Rival chipmaker Intel reported a 10% decline in its datacentre and AI business in the third quarter of 2023. Keen to plug this gap, Intel has begun ramping up its AI efforts. At SC23,  the international conference for high-performance computing (HPC), networking, storage and analysis, it unveiled work on a new supercomputer, Aurora, with Argonne National Laboratory and industry partners to create what it describes as “state-of-the-art foundational AI models for science”.  Intel said the models will be trained on scientific texts, code and science datasets at scales of more than one trillion parameters from diverse scientific domains to support multiple scientific disciplines, including biology, cancer research, climate science, cosmology and materials science.

Using the Intel Max Series GPU architecture and the Aurora supercomputer system, Intel said the hardware is capable of handling one trillion-parameter models with just 64 nodes, which it claimed is far fewer than would be typically required. 

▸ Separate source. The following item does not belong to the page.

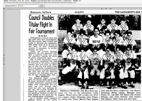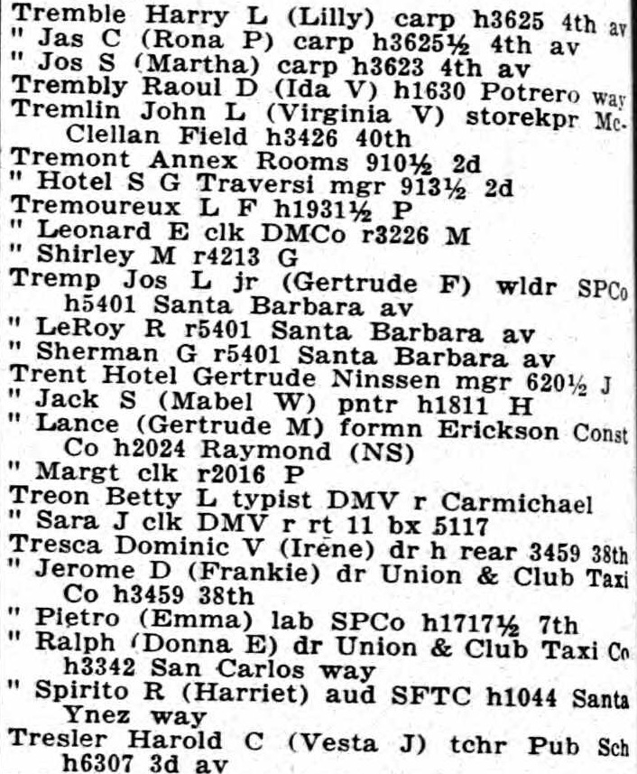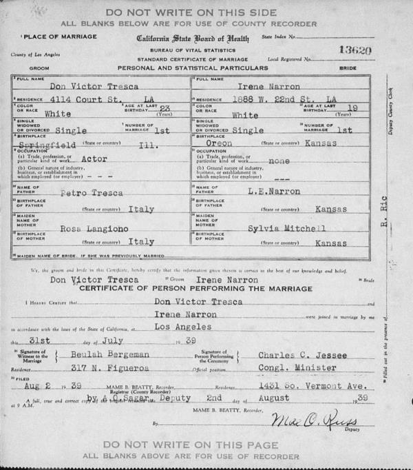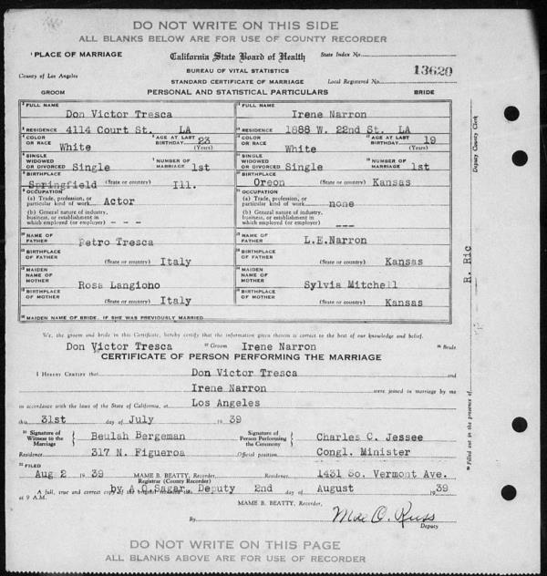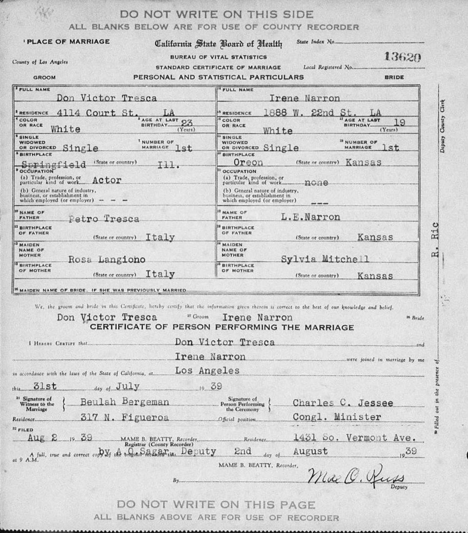 Dominic Victor Tresca were married on August 2, 1939 in Los Angeles, Los Angeles, California, USA. She died on March 24, 1999, at age 79, in Sacramento, Sacramento, California, USA. She was buried in Old Fellows Lawn Cemetery, Sacarmento, California.

According to Intel, the GPU Max Series 1550 outperforms Nvidia H100 PCIe card by an average of 36% (1.36x) on diverse HPC workloads.

Intel also showed benchmark tests conducted with Dell using the STAC-A2 independent benchmark suite for real-world market risk analysis workloads. Compared to eight Nvidia H100 PCIe GPUs, Intel said that four Intel Data Center GPU Max 1550s had 26% higher warm Greeks 10-100k-1260 performance and 4.3 times higher space efficiency.

Arm recently announced it was working with companies including AMD, Intel, Microsoft, Nvidia, and Qualcomm Technologies, on a range of initiatives focused on enabling advanced AI capabilities for more responsive and more secure user experiences. Arm said these partnerships would create the foundational frameworks, technologies, and specifications required for more than 15 million Arm developers to deliver AI experiences.

Beyond datacentre computing, Arm said it is collaborating with Meta on the deployment of neural networks at the edge. Arm and Meta are working on ExecuTorch, which brings the open source PyTorch deep learning framework to Arm-based mobile and embedded platforms at the edge. According to Arm, ExecuTorch simplifies the deployment of neural networks that are needed for advanced AI and ML workloads across mobile and edge devices. Arm’s long-term goal is to ensure AI and ML models can be easily developed and deployed with PyTorch and ExecuTorch.

In December, AMD is also set to unveil the work it is doing on AI. 

Given the investments in AI hardware being made by the hyperscalers, the public cloud is gearing up to become the preferred deployment choice for machine learning and AI inference workloads. So long as IT governance policies are followed, corporate data can be deployed on AI hardware infrastructure in the public cloud safely, to enable companies to run machine learning and build data models for their AI-based applications. 

LLMs generally rely on vast swathes of public data combined with domain-specific data, which is largely proprietary. This means that internal data cannot easily be integrated with public data to improve accuracy based on company-specific information. Used intenally, an HPC environment effectively offers enterprise users access to AI-acceleration hardware inside the corporate network. The fact that HPE and Intel are focusing on HPC for AI may pave the way to widening the application areas for supercomputers beyond research and development and scientific computing.